RECORD EXTRACTS START

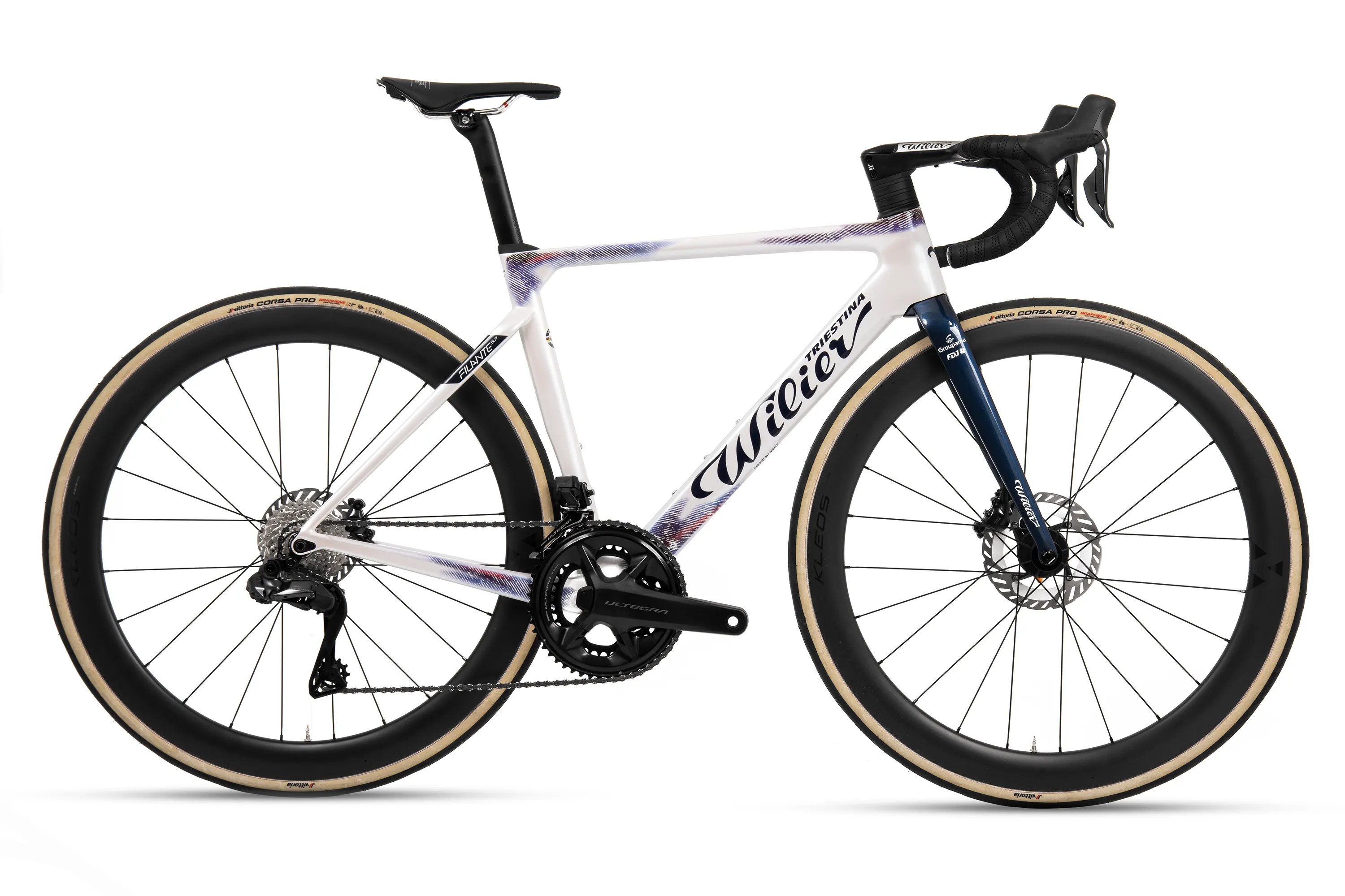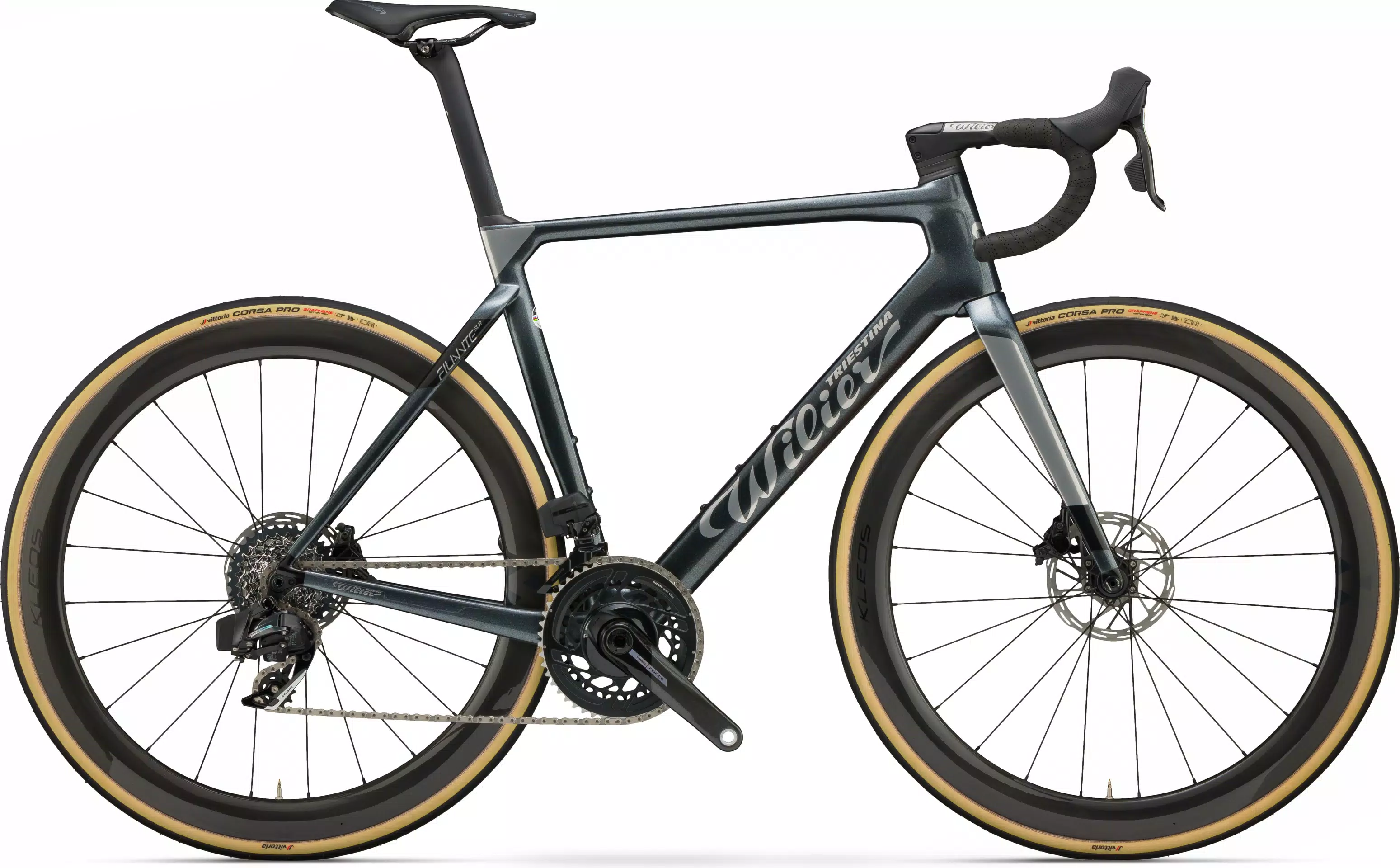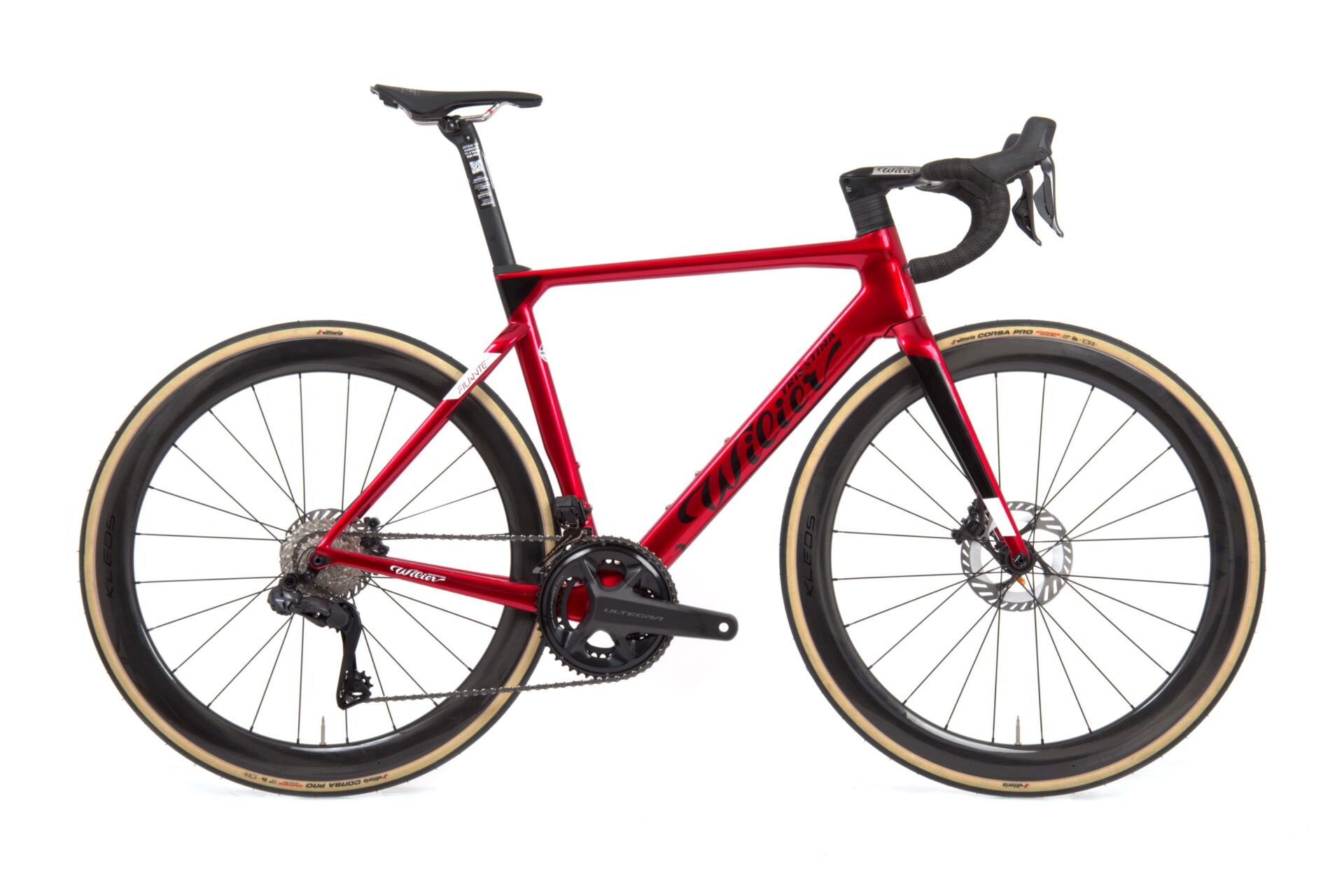 • Wilierjev integrirani krmilni sklop z zmanjšanim uporom in čisto estetiko povečuje aerodinamično učinkovitost in vizualno privlačnost.
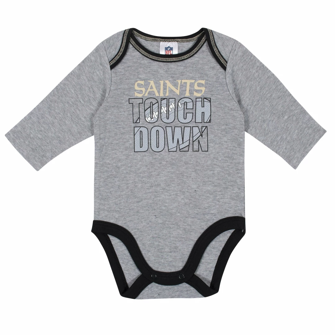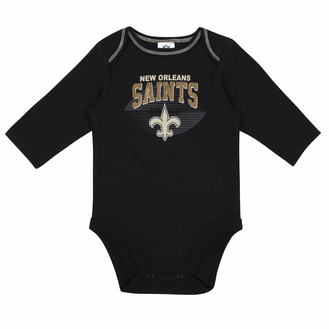 Get your little boy ready to take the field with this baby boys’ officially licensed New Orleans Saints long sleeve bodysuit 2-pack set! Gridiron-inspired screenprint with contrast coverstitch frames the Saints logo to perfection. The cotton/poly blend interlock ensures he’s feeling his best from the opening kickoff to the final seconds of the game. An expandable lap shoulder neckline makes it easy for mom to dress him out on game days. A higher-in-the-front bottom snap closure simplifies diaper duty. Laundry day stays hassle-free with these easy care items!
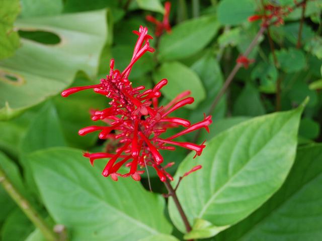 茎先に円錐花序(下のほうになるほど枝分かれする回数が多く、全体をみると円錐形になる)を出し、真っ赤な筒状の花をたくさんつける。
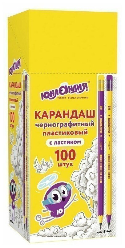Карандаш ч/г юнландия, 1 шт, НВ, пластиковый, корпус ассорти, с резинкой, 181446 интересное:
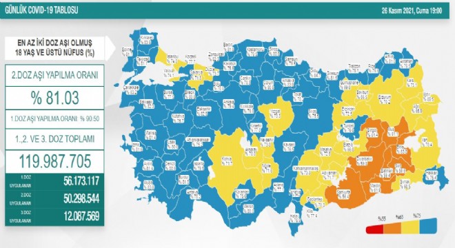 Aşılama oranlarını gösteren haritada yüzde 82,8 ile mavi kategoride bulunan Eskişehir, en çok aşı yapılan iller arasında 7’nci sırada yer alıyor. En az iki doz aşı olmuş 18 yaş ve üstü nüfus yüzdelerinin bulunduğu tabloya göre, Türkiye genelinde 1’inci doz aşı yapılma oranı yüzde 90,41 ve 2’nci doz aşı yapılma oranı yüzde 80,86 oldu. Ayrıca 3’üncü doz aşılama da dahil olmak üzere toplam uygulanan aşı sayısı 119.726.075 ulaştı. En çok aşı yapılma oranına sahip olan il ise yüzde 84,6 ile Ordu oldu.
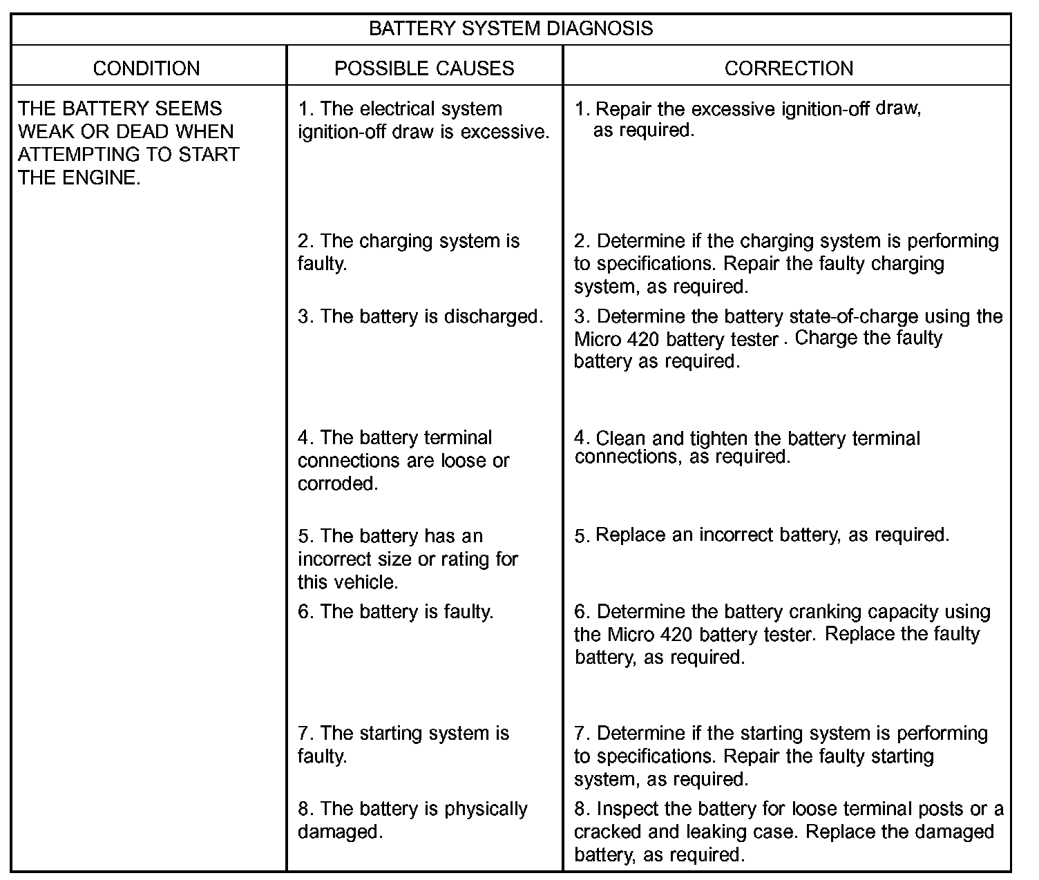 The Micro 420 automotive battery system tester is designed to help the dealership technicians diagnose the cause of a defective battery.
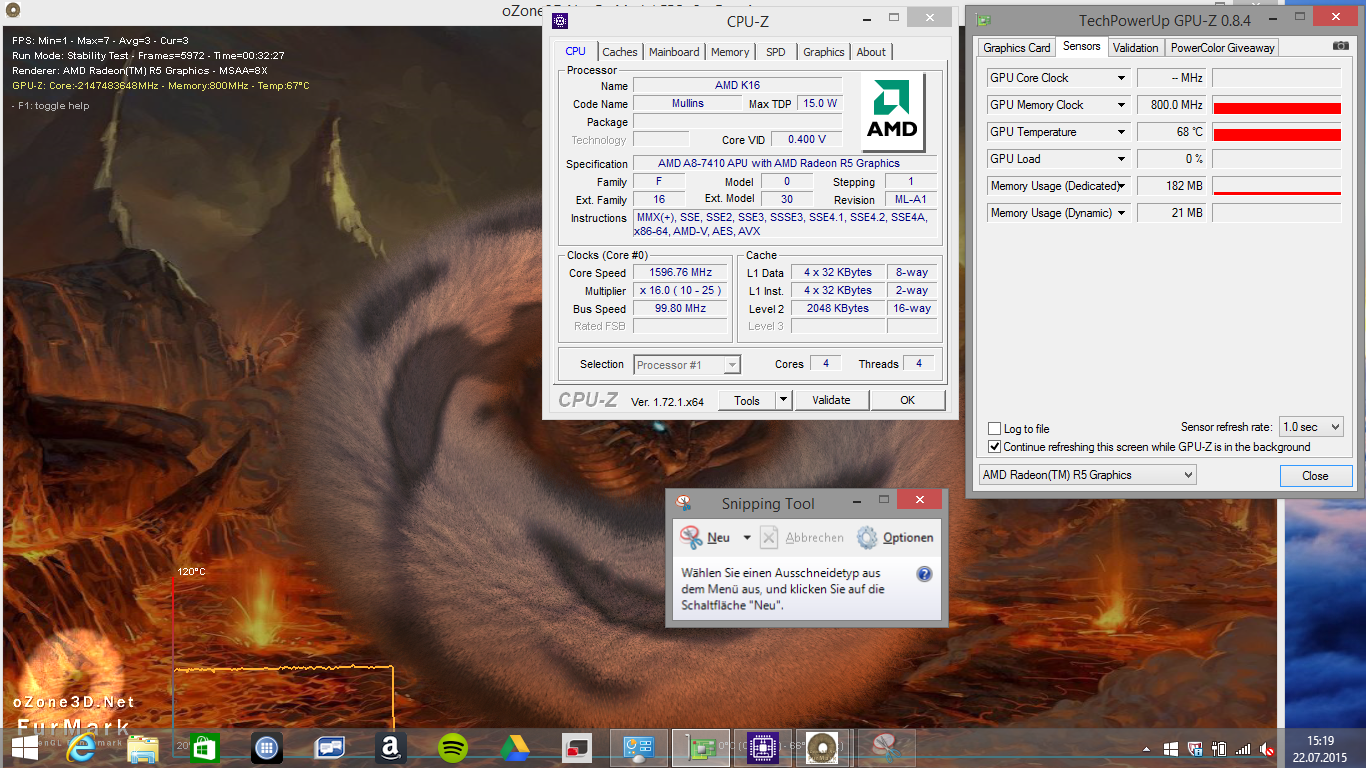 Das Testgerät ist mit der brandneuen AMD A-Series A8-7410 (Carrizo-L) bestückt. Das Topmodell in 28-Nanometer gehört zu AMDs Entry-Segment. Es soll gegen Intels Pentium (Haswell, Bay Trail M) oder Core i3 Prozessoren angesetzt werden. Hier spielt wie immer die Radeon R5 (IGP) eine Rolle, kann sie die HD Graphics in die Tasche stecken? Carrizo-L haben wir in einem separaten Artikel ausführlich unter die Lupe genommen.
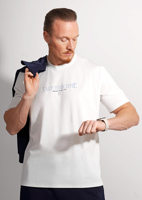 Футболка из дышашего хлопкового полотна. Звучание модели придает авторский шрифтовый принт. Отличный вариант для динамичных мужчин.
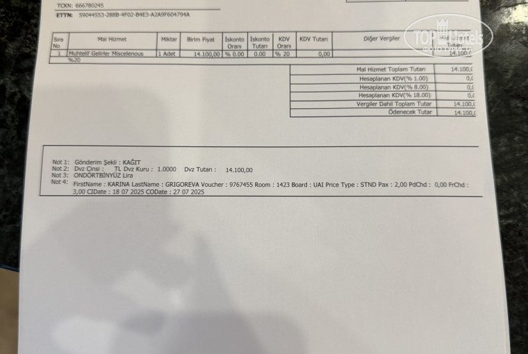 INF GRIGOREV MIKHAIL 11.04.2025 ) проживали в данном отеле и никаких замечаний со стороны отеля не получали. В день выезда туристы сделали выселение , как положено в 12-00, предварительно, обратившись на ресепшен с просьбой принять номер, на что ресепшен ответил, что они не принимают номера специально и горничную не направляли, сделав chek out туристы ожидали своего трансфера на территории отеля. В 15-00 туристам стали говорить, что в номере обнаружен разбитый телевизор, за который они должны заплатить 300 евро, иначе они позвонят в полицию, снимут туристов с рейса и трансфера, который на минуточку заплатили в пакетном туре туроператору, данные слова подтверждал отельный гид, который закреплен за данным отелем, просьба обратить внимание на работу данного представителя отдельно, а так же хотим получить ее полные ФИО и документы, подтверждающие право работать в принимающей компании ФАНСАН. Туристы предложили руководству отеля написать расписку, что они согласны на рассмотрение данной ситуации через официальную претензию туроператора к агентству и оплатить счет по возвращению домой , разобравшись в ситуации так, как наличных долларов и евро у туристов не было и трансфер ( отдельно заказанный туристами после слов отельного гида, что их снимают с группового оплаченного трансфера у туроператора ФанСан) уезжал через 30 мин, на что отель отказал и пошли вызывать полицию на гостей, угрожая тюрьмой и тем, что не выпустят их из отеля пока они не оплатят счет. Туристы отдыхали с ребенком 3 месяцев, 2 года и 10 лет просто на панике и под давлением были вынуждены отдать все наличные денежные средства в размере 10 000 руб и сделать перевод на сумму 25 000 руб на какую-то непонятную карту гражданина Белоруссии.Просьба так же обратить внимание , что отель принимает наличные рубли к оплате на территории Турции и оплаты на сторонние карты каких-то сотрудников. Считаем, что в отеле отработана схема мошенничества на развод российских туристов в грубой форме и под давлением отельного гида, который как представитель своих же туристов уверяет их в том, что с рейса они будут сняты и сидеть им в тюрьме. Просьба разобраться в данной ситуации, так как туристам не показали разбитый телевизор, аргументировав его уже заменой, а после оплаты счета туристы поднялись в номер, чтоб сфотографировать телевизор в исправном состоянии, которого в номере уже не было. Когда туристы попросили акт сверки номера от горничной, то отель предоставил документ, который не соответствует тому,что при ежедневной уборке телевизор был исправен, так как туристы даже не видели пульт от него, чтобы включить. Это полный развод туристов данным отелем, просьба принять меры и вернуть туристам денежные средства, которые из них вымогали незаконно, необоснованно после сделанного check out , угрожая турецкой тюрьмой. Просим не оставлять эту ситуацию без внимания, разобраться в ней и вернуть туристам денежные средства.
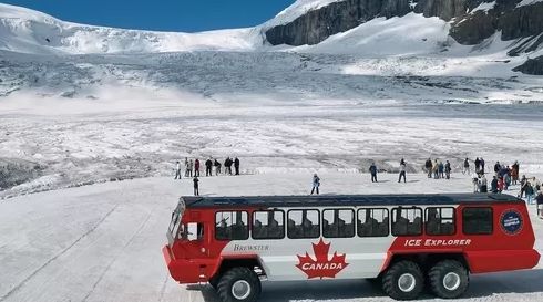 哥伦比亚冰原,这里可以乘坐着性能极佳的冰川全地形车,这种车有着巨大的轮胎,开上面积达2.3平方英里,足足有980英尺厚的阿萨巴斯卡冰川。
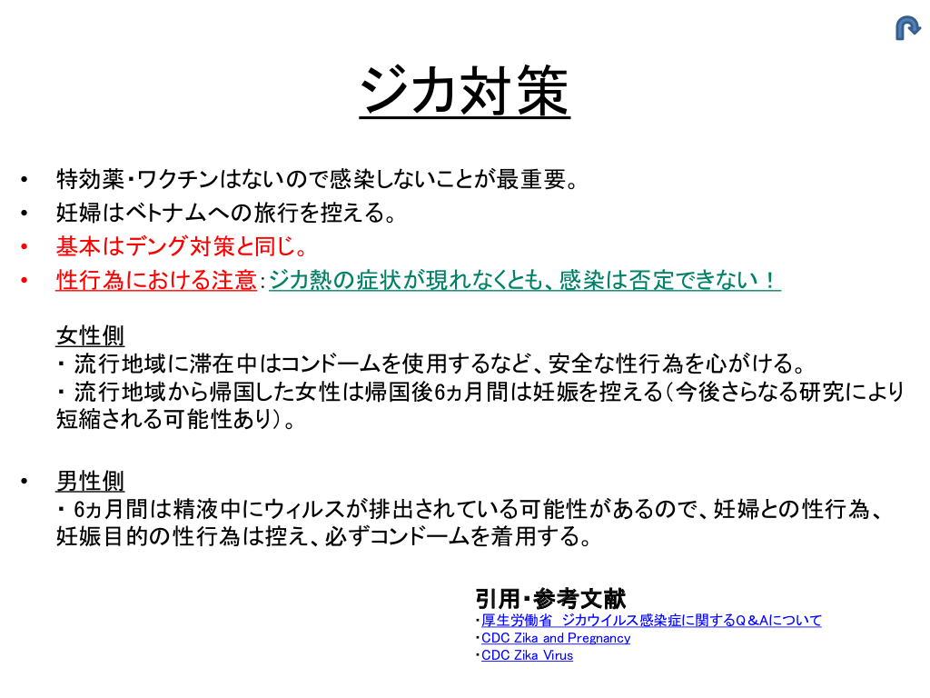 #54. ジカ対策 • • • • 特効薬・ワクチンはないので感染しないことが最重要。 妊婦はベトナムへの旅行を控える。 基本はデング対策と同じ。 性行為における注意:ジカ熱の症状が現れなくとも、感染は否定できない! 女性側 ・ 流行地域に滞在中はコンドームを使用するなど、安全な性行為を心がける。 ・ 流行地域から帰国した女性は帰国後6ヵ月間は妊娠を控える(今後さらなる研究により 短縮される可能性あり)。 • 男性側 ・ 6ヵ月間は精液中にウィルスが排出されている可能性があるので、妊婦との性行為、 妊娠目的の性行為は控え、必ずコンドームを着用する。 引用・参考文献 ・厚生労働省 ジカウイルス感染症に関するQ&Aについて ・CDC Zika and Pregnancy ・CDC Zika Virus

RECORD EXTRACTS END

● PROBLEM DESCRIPTION
Please reproduce, exactly and only, the lines from the line containing "哥伦比亚冰原,这里可以乘坐着" through the last line of the material above, minus any pictures.

● ANSWER TO THE EXERCISE
 哥伦比亚冰原,这里可以乘坐着性能极佳的冰川全地形车,这种车有着巨大的轮胎,开上面积达2.3平方英里,足足有980英尺厚的阿萨巴斯卡冰川。
 #54. ジカ対策 • • • • 特効薬・ワクチンはないので感染しないことが最重要。 妊婦はベトナムへの旅行を控える。 基本はデング対策と同じ。 性行為における注意:ジカ熱の症状が現れなくとも、感染は否定できない! 女性側 ・ 流行地域に滞在中はコンドームを使用するなど、安全な性行為を心がける。 ・ 流行地域から帰国した女性は帰国後6ヵ月間は妊娠を控える(今後さらなる研究により 短縮される可能性あり)。 • 男性側 ・ 6ヵ月間は精液中にウィルスが排出されている可能性があるので、妊婦との性行為、 妊娠目的の性行為は控え、必ずコンドームを着用する。 引用・参考文献 ・厚生労働省 ジカウイルス感染症に関するQ&Aについて ・CDC Zika and Pregnancy ・CDC Zika Virus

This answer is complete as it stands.